Once you reach the line containing "Комплектация: кукла - 1" in the entries below, write out that line and each one after it down to the line containing "わかりづらいですが、下に行く", exactly and with nothing added.
______________________________
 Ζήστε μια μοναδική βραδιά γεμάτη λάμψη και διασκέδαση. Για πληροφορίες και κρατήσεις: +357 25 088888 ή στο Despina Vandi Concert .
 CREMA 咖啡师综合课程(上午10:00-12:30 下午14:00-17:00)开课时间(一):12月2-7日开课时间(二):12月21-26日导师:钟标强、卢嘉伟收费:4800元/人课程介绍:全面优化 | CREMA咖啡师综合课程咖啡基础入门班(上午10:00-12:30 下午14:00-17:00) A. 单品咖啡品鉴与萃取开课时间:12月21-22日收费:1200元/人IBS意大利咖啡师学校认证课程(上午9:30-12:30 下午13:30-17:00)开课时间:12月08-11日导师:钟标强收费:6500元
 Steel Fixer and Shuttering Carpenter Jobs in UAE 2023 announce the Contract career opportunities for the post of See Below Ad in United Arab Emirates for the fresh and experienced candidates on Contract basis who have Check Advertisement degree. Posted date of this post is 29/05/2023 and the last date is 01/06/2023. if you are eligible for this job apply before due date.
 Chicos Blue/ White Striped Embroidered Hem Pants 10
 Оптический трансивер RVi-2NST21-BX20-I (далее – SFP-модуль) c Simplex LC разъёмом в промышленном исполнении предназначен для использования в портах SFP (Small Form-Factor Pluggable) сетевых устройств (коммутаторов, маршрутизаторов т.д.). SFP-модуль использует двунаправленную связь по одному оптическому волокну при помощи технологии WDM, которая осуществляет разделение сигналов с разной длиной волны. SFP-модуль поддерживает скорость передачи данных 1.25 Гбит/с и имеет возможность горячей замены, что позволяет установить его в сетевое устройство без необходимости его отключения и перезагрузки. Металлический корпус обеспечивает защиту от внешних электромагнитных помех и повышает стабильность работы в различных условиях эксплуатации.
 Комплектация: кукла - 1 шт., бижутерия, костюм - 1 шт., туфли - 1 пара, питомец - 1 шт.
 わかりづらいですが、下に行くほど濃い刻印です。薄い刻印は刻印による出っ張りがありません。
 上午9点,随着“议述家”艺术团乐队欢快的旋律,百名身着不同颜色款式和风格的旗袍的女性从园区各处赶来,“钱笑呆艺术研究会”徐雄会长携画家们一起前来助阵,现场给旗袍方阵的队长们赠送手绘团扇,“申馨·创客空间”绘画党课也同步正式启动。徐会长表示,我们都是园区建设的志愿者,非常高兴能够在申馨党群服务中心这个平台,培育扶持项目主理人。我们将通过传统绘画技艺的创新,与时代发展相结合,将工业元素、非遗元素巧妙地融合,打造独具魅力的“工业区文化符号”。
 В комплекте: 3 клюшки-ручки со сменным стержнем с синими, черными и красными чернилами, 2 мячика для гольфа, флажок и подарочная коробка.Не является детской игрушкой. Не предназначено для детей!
______________________________
Written answer:
 Комплектация: кукла - 1 шт., бижутерия, костюм - 1 шт., туфли - 1 пара, питомец - 1 шт.
 わかりづらいですが、下に行くほど濃い刻印です。薄い刻印は刻印による出っ張りがありません。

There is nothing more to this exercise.